When the line containing "During this week, students" is found in the data below, copy it and each line after it through the line containing "然后同样选中这部分文字,在格", exactly and with no others.
*** Source information Section Begins ***
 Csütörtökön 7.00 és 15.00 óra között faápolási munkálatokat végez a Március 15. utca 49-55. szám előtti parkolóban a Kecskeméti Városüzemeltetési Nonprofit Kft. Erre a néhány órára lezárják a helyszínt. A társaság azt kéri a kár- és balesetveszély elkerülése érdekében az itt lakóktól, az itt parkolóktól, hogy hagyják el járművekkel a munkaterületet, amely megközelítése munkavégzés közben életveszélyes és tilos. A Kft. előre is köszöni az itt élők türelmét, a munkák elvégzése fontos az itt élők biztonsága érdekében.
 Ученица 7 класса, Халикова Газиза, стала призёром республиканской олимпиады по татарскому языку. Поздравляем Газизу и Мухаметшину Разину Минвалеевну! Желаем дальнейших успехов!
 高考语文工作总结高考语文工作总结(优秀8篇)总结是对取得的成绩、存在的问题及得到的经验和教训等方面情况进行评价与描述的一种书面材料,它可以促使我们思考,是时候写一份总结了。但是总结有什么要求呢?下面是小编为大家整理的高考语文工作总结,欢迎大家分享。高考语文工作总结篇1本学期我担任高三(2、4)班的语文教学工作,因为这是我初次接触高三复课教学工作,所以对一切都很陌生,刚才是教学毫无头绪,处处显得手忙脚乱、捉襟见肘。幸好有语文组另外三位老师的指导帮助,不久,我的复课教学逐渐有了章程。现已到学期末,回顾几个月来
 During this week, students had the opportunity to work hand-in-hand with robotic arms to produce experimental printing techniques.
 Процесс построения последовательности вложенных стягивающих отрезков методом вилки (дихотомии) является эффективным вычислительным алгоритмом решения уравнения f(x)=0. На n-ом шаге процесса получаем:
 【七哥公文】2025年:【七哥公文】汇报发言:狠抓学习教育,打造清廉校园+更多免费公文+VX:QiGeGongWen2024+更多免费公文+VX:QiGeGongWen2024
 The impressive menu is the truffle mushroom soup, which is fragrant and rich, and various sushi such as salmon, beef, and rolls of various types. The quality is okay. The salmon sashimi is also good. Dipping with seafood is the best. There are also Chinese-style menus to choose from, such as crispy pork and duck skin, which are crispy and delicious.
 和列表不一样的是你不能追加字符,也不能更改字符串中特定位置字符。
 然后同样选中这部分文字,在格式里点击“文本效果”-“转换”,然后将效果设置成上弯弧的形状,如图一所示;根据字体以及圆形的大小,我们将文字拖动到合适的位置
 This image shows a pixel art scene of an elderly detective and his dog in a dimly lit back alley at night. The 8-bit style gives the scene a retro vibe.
*** Source information Section Ends ***
*** Source information Section Begins ***
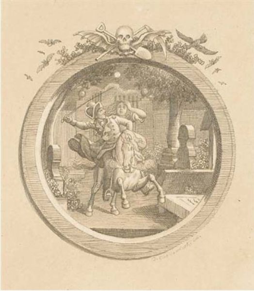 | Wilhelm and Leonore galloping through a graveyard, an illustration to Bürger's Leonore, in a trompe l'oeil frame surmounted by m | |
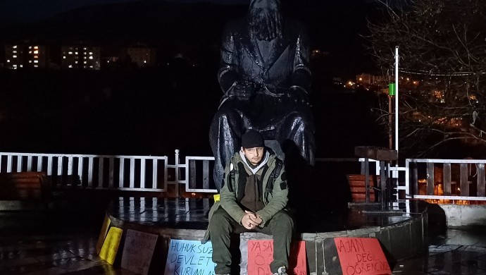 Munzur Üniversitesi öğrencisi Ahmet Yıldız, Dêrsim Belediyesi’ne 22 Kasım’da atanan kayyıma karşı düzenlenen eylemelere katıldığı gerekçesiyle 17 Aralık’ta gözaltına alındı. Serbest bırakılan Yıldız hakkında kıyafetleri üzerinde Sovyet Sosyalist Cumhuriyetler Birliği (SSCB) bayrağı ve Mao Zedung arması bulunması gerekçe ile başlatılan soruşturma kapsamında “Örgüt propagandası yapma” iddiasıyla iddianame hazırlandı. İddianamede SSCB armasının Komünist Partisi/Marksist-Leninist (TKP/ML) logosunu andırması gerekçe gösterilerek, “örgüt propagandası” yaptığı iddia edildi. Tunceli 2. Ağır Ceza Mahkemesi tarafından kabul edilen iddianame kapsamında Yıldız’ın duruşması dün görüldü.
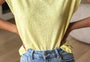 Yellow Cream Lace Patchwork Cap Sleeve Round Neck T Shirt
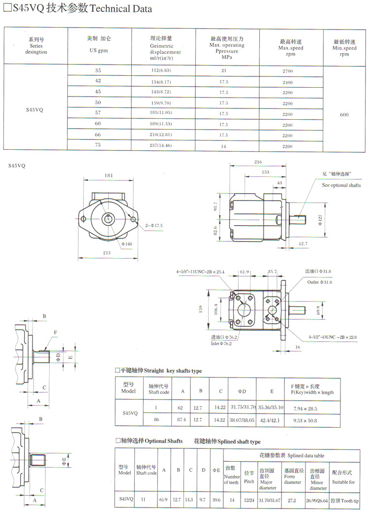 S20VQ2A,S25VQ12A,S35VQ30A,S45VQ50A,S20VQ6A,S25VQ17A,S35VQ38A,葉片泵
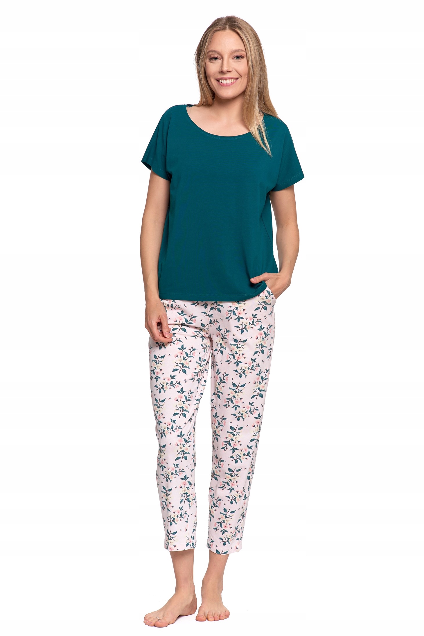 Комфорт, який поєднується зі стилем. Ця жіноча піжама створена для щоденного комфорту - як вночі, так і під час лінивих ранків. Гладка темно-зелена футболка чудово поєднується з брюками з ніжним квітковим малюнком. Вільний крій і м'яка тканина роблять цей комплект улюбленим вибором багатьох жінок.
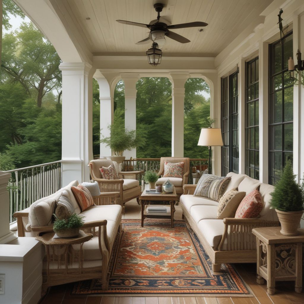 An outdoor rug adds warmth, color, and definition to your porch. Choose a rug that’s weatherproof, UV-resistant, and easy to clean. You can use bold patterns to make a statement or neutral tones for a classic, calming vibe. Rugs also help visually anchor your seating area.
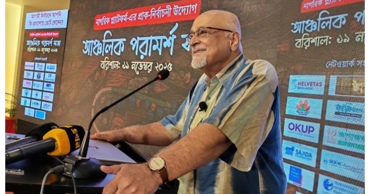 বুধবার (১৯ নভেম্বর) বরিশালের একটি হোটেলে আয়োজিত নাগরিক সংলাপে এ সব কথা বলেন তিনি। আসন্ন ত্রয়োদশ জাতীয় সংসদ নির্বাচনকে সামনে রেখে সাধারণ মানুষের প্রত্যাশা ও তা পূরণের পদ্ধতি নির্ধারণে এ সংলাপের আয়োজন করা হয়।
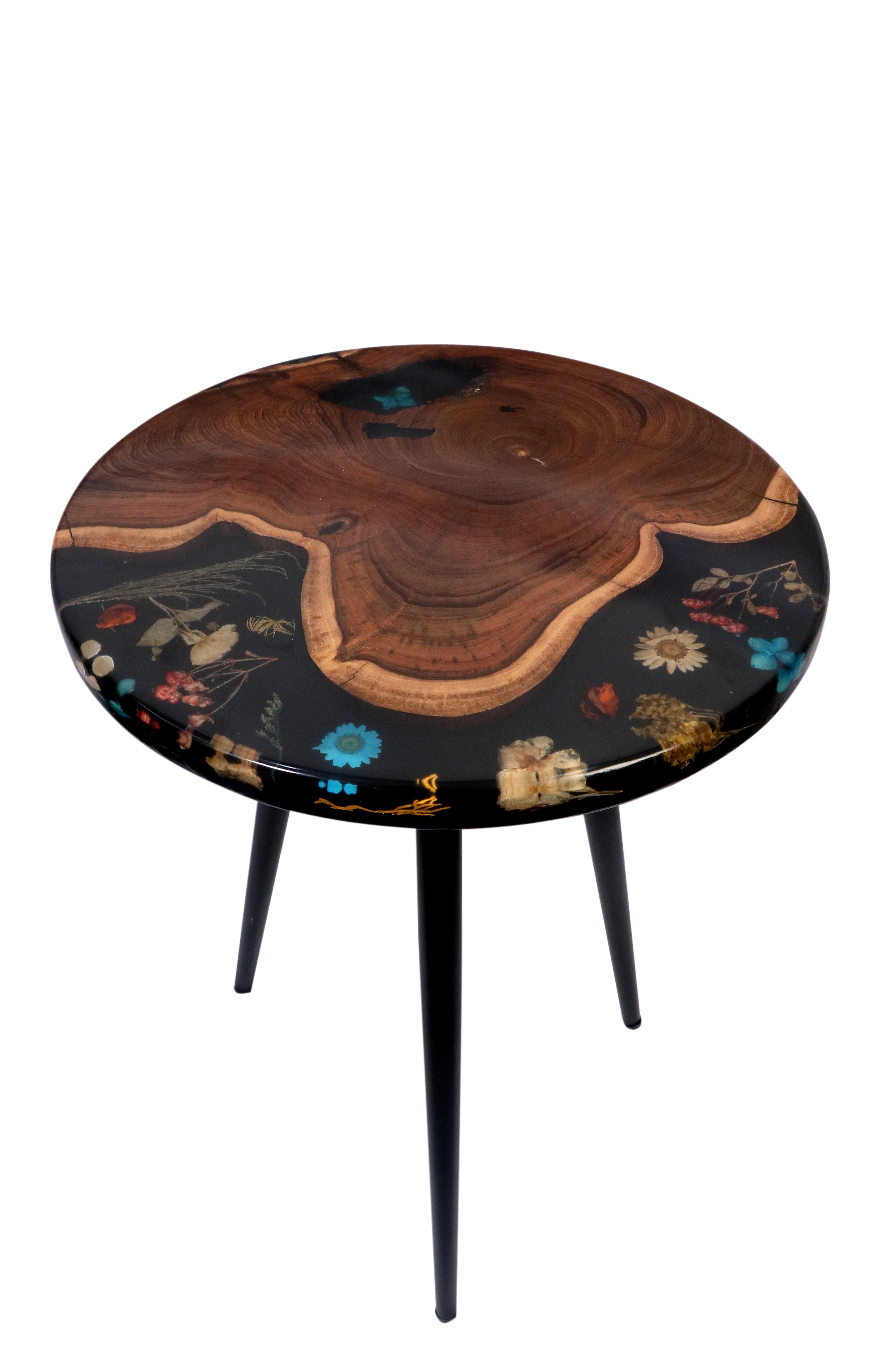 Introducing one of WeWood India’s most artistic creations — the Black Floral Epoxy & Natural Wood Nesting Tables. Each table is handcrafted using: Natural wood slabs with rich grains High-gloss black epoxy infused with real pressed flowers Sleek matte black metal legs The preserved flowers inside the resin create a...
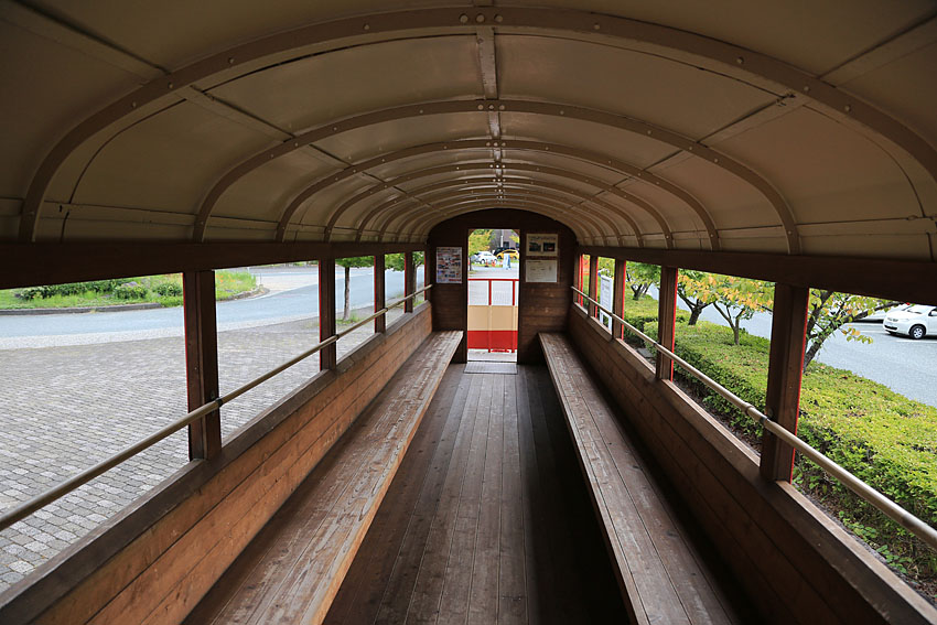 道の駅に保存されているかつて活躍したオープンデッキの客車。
*** Source information Section Ends ***
● **Answer to the exercise**
 During this week, students had the opportunity to work hand-in-hand with robotic arms to produce experimental printing techniques.
 Процесс построения последовательности вложенных стягивающих отрезков методом вилки (дихотомии) является эффективным вычислительным алгоритмом решения уравнения f(x)=0. На n-ом шаге процесса получаем:
 【七哥公文】2025年:【七哥公文】汇报发言:狠抓学习教育,打造清廉校园+更多免费公文+VX:QiGeGongWen2024+更多免费公文+VX:QiGeGongWen2024
 The impressive menu is the truffle mushroom soup, which is fragrant and rich, and various sushi such as salmon, beef, and rolls of various types. The quality is okay. The salmon sashimi is also good. Dipping with seafood is the best. There are also Chinese-style menus to choose from, such as crispy pork and duck skin, which are crispy and delicious.
 和列表不一样的是你不能追加字符,也不能更改字符串中特定位置字符。
 然后同样选中这部分文字,在格式里点击“文本效果”-“转换”,然后将效果设置成上弯弧的形状,如图一所示;根据字体以及圆形的大小,我们将文字拖动到合适的位置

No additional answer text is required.